Exercise: Where the listing below reaches the line containing "Die neue Bahn", start writing out lines exactly, and stop once the line containing "حاملي الشموع طويل" has been written.

Records for this exercise:
%%
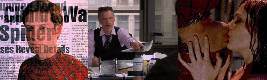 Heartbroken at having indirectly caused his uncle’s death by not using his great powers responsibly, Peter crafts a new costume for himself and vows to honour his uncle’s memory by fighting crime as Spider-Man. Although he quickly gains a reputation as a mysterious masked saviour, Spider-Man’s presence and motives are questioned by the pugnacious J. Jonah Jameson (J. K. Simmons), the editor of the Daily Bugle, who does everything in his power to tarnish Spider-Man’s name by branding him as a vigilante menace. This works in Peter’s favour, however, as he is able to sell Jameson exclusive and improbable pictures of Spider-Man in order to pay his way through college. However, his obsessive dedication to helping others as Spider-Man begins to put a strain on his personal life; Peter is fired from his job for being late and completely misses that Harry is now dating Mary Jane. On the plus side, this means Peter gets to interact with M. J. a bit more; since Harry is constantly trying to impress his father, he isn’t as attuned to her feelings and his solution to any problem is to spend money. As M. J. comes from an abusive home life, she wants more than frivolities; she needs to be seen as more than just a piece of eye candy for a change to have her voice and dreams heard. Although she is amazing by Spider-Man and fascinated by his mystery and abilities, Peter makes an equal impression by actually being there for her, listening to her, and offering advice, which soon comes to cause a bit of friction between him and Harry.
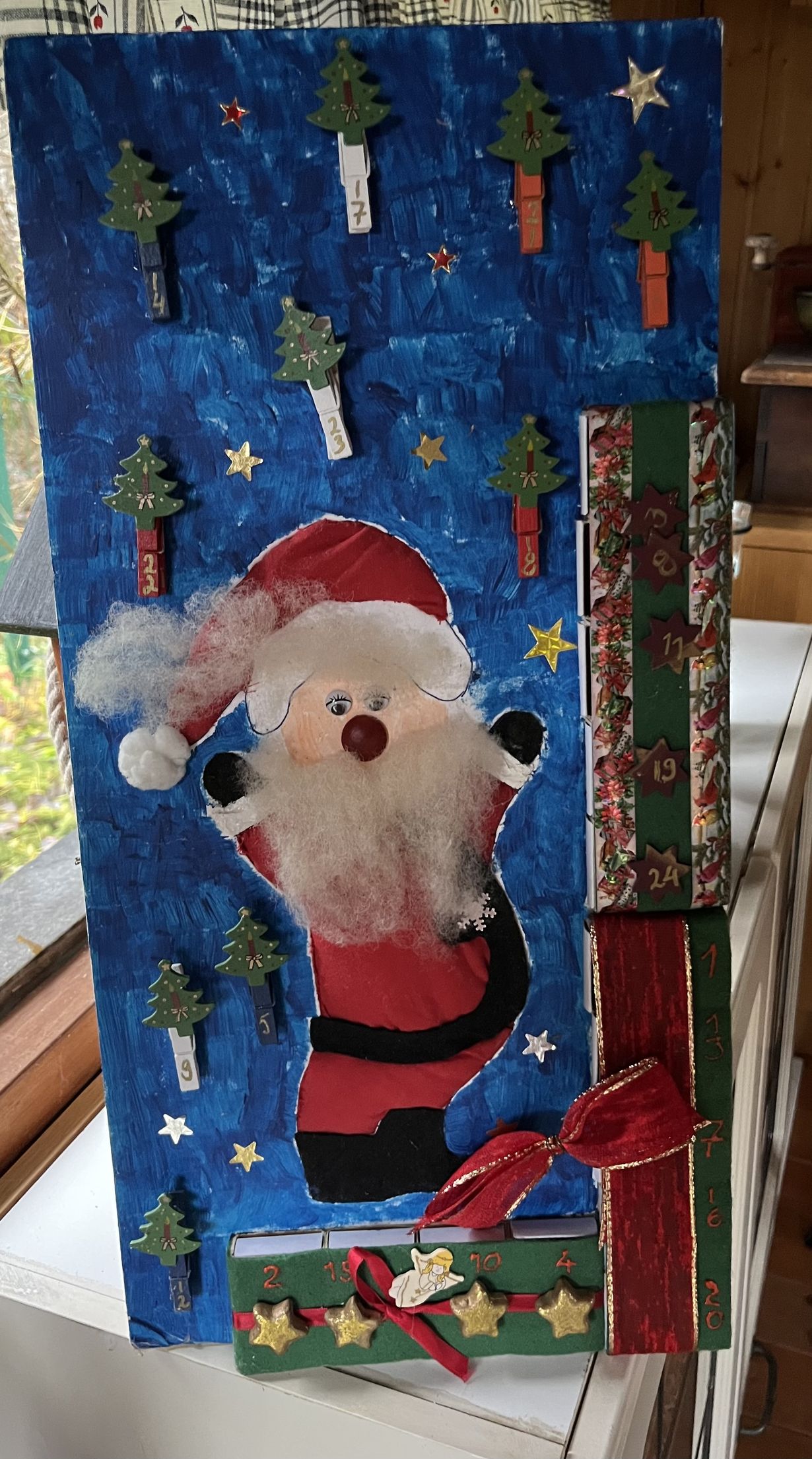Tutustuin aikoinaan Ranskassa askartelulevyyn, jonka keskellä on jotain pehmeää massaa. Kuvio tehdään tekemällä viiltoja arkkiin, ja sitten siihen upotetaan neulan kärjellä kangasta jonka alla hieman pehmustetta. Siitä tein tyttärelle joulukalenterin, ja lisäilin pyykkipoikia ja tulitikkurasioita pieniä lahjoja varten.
%%
%%
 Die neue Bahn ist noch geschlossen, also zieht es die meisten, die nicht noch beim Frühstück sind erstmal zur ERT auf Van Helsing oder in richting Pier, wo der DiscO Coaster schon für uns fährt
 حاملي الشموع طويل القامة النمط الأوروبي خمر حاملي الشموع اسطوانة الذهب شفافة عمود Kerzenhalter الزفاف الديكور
%%
%%
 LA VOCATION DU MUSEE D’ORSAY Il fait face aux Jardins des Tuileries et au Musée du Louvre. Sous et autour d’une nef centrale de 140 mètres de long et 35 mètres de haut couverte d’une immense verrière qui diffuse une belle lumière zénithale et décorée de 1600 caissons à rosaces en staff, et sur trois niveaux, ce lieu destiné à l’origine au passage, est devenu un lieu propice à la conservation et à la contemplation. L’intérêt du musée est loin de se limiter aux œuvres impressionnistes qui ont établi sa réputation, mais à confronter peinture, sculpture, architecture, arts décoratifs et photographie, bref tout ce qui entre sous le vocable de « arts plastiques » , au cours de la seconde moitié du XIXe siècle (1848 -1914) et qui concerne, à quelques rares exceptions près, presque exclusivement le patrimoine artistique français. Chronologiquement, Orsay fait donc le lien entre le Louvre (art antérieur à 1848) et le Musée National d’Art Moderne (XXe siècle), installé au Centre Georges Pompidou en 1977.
%%
Your solution:
 Die neue Bahn ist noch geschlossen, also zieht es die meisten, die nicht noch beim Frühstück sind erstmal zur ERT auf Van Helsing oder in richting Pier, wo der DiscO Coaster schon für uns fährt
 حاملي الشموع طويل القامة النمط الأوروبي خمر حاملي الشموع اسطوانة الذهب شفافة عمود Kerzenhalter الزفاف الديكور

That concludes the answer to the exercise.